Antonio CABRALES, “Una hipótesis sobre por qué es tan difícil conseguir reformas estructurales en España” a Nada es Gratis (8-04-16)

http://nadaesgratis.es/cabrales/una-hipotesis-sobre-por-que-es-tan-dificil-conseguir-reformas-estructurales-en-espana

“Hace unas semanas conté en Magdalen College (Oxford) en el ciclo Madariaga los resultados preliminares de un par de estudios experimentales que estoy desarrollando con varios coautores, algunos de ellos colaboradores de este blog, y me comprometí por twitter con Elena Alfaro, una de nuestras lectoras más inquietas, a hablar de ello (y como la última vez que me comprometí a algo, a promover unas “cervezas con NeG” fallé, prefiero no repetir). Los resultados de nuestros estudios son aún algo preliminares, pero me parece que la motivación es de interés general y quería compartirla. La hipótesis es que en sociedades con un bajo nivel de confianza generalizada” resulta más difícil llegar a pactos, acuerdos y compromisos, y a menudo estos acaban sustituyéndose por complicadas reglas formales que tampoco arreglan gran cosa y tienen costes elevados.
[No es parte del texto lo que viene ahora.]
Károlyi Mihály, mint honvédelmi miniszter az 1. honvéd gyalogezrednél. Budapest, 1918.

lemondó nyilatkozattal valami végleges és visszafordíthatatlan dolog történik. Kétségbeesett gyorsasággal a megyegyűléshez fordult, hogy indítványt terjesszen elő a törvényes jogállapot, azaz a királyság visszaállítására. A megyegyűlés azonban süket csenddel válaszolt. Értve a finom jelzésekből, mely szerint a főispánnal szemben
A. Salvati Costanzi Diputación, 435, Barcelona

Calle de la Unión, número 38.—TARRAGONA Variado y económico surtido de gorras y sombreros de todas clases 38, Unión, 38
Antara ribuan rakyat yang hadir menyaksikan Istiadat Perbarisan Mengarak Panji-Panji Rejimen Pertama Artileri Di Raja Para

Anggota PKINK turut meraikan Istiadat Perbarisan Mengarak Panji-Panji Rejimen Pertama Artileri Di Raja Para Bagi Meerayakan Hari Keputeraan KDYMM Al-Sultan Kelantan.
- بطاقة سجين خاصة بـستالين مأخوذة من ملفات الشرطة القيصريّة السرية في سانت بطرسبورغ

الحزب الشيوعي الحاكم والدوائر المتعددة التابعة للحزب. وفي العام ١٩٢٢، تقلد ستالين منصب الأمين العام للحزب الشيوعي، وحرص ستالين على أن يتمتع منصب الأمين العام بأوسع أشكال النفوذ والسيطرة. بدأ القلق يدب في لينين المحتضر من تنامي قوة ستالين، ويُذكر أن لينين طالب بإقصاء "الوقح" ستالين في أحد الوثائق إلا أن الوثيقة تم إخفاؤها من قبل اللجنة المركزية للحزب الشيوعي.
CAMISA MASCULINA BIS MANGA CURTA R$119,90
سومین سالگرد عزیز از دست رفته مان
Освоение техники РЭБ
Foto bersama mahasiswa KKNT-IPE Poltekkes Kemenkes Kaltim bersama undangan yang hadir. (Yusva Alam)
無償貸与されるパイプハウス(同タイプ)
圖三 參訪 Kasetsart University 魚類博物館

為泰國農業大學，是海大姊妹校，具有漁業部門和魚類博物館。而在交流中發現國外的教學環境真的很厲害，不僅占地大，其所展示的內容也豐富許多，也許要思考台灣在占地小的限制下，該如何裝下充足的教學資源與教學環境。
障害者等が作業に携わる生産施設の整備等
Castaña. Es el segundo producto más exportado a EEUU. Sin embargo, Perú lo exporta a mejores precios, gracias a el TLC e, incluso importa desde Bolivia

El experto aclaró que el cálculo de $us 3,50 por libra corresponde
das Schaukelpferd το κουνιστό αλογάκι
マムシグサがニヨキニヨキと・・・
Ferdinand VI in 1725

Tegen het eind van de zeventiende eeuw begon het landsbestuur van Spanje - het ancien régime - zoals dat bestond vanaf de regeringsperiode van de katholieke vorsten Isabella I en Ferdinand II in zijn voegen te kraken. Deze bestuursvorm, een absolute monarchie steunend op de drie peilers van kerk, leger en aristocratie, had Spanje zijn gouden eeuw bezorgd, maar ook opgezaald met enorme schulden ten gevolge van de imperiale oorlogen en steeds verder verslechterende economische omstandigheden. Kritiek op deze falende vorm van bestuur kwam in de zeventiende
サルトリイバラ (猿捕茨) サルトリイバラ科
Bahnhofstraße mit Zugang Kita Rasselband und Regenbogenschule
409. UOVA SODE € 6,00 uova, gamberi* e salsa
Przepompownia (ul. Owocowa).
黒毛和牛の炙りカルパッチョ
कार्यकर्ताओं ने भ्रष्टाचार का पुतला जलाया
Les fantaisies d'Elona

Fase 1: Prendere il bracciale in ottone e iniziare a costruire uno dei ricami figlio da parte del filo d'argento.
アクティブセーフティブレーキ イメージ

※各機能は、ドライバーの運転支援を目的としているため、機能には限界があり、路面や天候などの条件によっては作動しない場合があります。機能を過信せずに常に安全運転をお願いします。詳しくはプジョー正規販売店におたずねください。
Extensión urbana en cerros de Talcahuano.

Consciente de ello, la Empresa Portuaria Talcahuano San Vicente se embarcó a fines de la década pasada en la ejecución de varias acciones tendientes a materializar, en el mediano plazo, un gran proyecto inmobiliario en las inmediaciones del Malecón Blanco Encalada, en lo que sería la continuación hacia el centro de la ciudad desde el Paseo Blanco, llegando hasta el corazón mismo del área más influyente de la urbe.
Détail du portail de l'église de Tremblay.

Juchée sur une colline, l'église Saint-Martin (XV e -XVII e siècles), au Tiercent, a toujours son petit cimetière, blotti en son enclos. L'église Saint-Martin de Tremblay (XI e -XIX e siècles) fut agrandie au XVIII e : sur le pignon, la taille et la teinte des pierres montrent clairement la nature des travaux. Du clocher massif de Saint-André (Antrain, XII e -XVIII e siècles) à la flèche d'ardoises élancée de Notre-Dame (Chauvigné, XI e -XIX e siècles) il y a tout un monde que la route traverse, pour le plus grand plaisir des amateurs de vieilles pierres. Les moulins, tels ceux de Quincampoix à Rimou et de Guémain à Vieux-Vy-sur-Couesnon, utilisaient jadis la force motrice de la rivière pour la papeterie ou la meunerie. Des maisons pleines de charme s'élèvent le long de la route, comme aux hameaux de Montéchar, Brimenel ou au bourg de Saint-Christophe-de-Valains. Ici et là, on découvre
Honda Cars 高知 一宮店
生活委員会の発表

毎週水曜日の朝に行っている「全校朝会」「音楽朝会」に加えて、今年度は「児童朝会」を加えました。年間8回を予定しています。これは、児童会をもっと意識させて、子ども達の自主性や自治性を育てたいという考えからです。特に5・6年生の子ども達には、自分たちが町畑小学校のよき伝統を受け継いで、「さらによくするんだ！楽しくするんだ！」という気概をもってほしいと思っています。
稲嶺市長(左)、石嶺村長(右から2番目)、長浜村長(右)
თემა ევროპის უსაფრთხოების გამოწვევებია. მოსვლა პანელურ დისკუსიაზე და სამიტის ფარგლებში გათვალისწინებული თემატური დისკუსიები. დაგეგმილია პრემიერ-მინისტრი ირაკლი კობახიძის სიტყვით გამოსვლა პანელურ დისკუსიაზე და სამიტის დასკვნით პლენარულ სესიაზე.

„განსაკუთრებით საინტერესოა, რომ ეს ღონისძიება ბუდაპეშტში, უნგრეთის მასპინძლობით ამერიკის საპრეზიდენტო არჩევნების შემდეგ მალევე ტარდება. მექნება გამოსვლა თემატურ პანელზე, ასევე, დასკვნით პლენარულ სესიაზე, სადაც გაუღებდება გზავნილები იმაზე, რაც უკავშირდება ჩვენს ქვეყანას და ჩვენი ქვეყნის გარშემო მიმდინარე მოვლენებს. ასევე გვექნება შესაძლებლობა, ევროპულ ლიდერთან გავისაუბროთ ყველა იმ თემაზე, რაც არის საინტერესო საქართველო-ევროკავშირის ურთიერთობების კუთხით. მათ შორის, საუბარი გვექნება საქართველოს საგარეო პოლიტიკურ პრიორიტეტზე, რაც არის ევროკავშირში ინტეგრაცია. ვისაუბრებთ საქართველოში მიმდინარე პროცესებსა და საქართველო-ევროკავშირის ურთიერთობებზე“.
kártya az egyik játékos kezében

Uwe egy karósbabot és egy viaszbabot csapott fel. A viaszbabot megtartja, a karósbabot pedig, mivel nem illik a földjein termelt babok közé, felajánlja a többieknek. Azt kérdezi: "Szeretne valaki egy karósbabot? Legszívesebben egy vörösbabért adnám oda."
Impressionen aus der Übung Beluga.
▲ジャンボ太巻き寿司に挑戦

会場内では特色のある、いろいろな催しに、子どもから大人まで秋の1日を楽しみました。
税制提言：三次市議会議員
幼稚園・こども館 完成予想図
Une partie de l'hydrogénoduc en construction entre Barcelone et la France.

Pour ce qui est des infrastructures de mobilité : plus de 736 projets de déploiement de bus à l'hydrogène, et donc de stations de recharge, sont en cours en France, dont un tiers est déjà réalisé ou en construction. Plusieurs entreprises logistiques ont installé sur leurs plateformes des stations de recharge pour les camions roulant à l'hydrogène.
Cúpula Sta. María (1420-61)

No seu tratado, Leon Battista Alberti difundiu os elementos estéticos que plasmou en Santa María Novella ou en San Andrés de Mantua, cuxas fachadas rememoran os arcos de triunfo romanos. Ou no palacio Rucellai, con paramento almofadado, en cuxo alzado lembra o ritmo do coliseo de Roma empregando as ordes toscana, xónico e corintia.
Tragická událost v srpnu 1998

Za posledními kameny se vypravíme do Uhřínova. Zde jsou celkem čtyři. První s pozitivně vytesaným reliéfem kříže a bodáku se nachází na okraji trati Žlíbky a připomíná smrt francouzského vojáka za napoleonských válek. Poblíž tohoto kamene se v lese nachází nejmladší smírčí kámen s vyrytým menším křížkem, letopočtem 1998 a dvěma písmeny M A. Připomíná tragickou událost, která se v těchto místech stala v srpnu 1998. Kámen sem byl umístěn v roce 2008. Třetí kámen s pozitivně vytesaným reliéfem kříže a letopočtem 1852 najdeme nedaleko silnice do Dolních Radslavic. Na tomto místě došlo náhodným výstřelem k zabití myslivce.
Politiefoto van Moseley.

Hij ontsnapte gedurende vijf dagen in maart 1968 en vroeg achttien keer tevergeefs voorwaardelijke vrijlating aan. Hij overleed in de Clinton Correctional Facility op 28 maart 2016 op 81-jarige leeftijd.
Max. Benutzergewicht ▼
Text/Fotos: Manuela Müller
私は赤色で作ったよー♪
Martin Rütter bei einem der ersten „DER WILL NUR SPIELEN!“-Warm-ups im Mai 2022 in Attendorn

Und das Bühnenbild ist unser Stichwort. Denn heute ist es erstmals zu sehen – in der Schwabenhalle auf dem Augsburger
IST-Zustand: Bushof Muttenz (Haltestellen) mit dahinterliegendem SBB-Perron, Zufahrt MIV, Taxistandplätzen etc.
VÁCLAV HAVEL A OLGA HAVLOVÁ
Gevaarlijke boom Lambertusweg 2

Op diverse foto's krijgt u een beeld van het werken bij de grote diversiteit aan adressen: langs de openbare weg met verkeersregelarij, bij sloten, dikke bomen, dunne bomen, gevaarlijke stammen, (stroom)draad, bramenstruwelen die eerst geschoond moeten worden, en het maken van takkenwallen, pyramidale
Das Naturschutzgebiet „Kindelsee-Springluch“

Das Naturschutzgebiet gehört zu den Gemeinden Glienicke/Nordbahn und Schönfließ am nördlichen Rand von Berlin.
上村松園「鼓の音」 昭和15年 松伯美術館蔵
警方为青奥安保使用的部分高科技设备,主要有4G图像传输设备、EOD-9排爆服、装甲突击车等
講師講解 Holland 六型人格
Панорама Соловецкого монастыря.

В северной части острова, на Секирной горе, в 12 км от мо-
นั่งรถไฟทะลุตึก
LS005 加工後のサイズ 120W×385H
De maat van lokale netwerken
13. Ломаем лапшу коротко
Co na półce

Para empezar, ¿qué es esto de la confianza generalizada”? Hay varias definiciones y no existe un consenso sobre cuál es la mejor, pero todas tienen como denominador común que la confianza implica una disposición de los individuos (o decisores colectivos) a colocarse en situaciones donde otros pueden aprovecharse, esperando que esto no suceda, porque de esa manera se produce una ganancia mutua (ver Doney et al). La palabra “generalizada” tiene que ver con la confianza en el resto de miembros de la comunidad, no en una persona en particular (es fácil y posible que en sociedades con poca confianza generalizada, la confianza en amigos o familiares se acreciente).

A los economistas nos interesa la confianza generalizada entre otras cosas porque se ha asociado a mayores tasas de crecimiento. Zak y Knack lo hacen con una sección cruzada de países, y Algan y Cahuc utilizan una estrategia más convincente para establecer una relación causal entre crecimiento y confianza. Algan y Cahuc muestran que el nivel de confianza heredado por los inmigrantes de los países de origen de sus antepasados explica una parte sustancial de la evolución del crecimiento económico para un gran panel de países.

Una de las maneras estándar de medir esta característica de los ciudadanos de cada país es a través de una pregunta que se realiza en las encuestas de valores (EWS WVS): “¿Se puede confiar en la mayoría de la gente?” En el siguiente gráfico se representa el porcentaje de gente que responde positivamente en varios países.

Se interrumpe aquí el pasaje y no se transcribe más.